* WHAT TO PRODUCE
Your answer should be the full data, transcribed exactly, with no pictures in it.

┌─ DATA EXCERPT

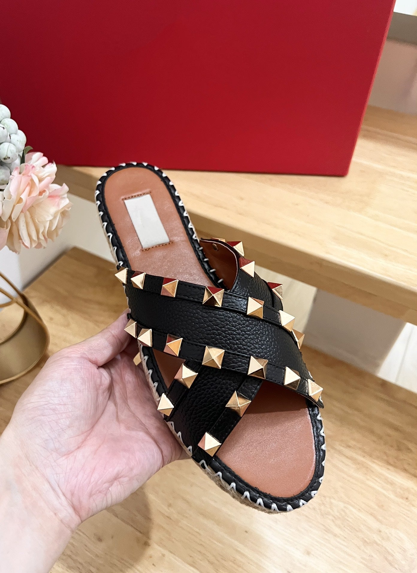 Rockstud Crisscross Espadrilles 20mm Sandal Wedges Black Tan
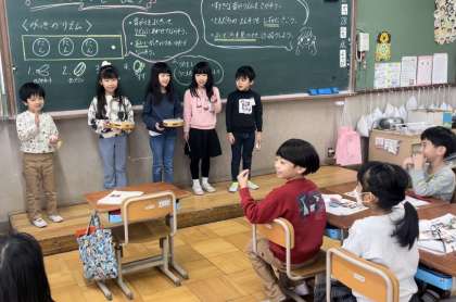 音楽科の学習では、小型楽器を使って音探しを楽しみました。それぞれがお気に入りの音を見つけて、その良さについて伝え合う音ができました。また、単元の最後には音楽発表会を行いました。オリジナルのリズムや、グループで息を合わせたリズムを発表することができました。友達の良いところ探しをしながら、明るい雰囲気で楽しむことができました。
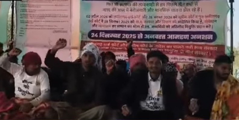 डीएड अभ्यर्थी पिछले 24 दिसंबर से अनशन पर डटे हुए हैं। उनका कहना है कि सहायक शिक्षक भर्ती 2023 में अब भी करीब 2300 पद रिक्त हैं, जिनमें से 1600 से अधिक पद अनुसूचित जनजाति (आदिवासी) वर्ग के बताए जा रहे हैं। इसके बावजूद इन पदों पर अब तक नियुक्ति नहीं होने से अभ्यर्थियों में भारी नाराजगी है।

└─

* RESULT BELOW
 Rockstud Crisscross Espadrilles 20mm Sandal Wedges Black Tan
 音楽科の学習では、小型楽器を使って音探しを楽しみました。それぞれがお気に入りの音を見つけて、その良さについて伝え合う音ができました。また、単元の最後には音楽発表会を行いました。オリジナルのリズムや、グループで息を合わせたリズムを発表することができました。友達の良いところ探しをしながら、明るい雰囲気で楽しむことができました。
 डीएड अभ्यर्थी पिछले 24 दिसंबर से अनशन पर डटे हुए हैं। उनका कहना है कि सहायक शिक्षक भर्ती 2023 में अब भी करीब 2300 पद रिक्त हैं, जिनमें से 1600 से अधिक पद अनुसूचित जनजाति (आदिवासी) वर्ग के बताए जा रहे हैं। इसके बावजूद इन पदों पर अब तक नियुक्ति नहीं होने से अभ्यर्थियों में भारी नाराजगी है।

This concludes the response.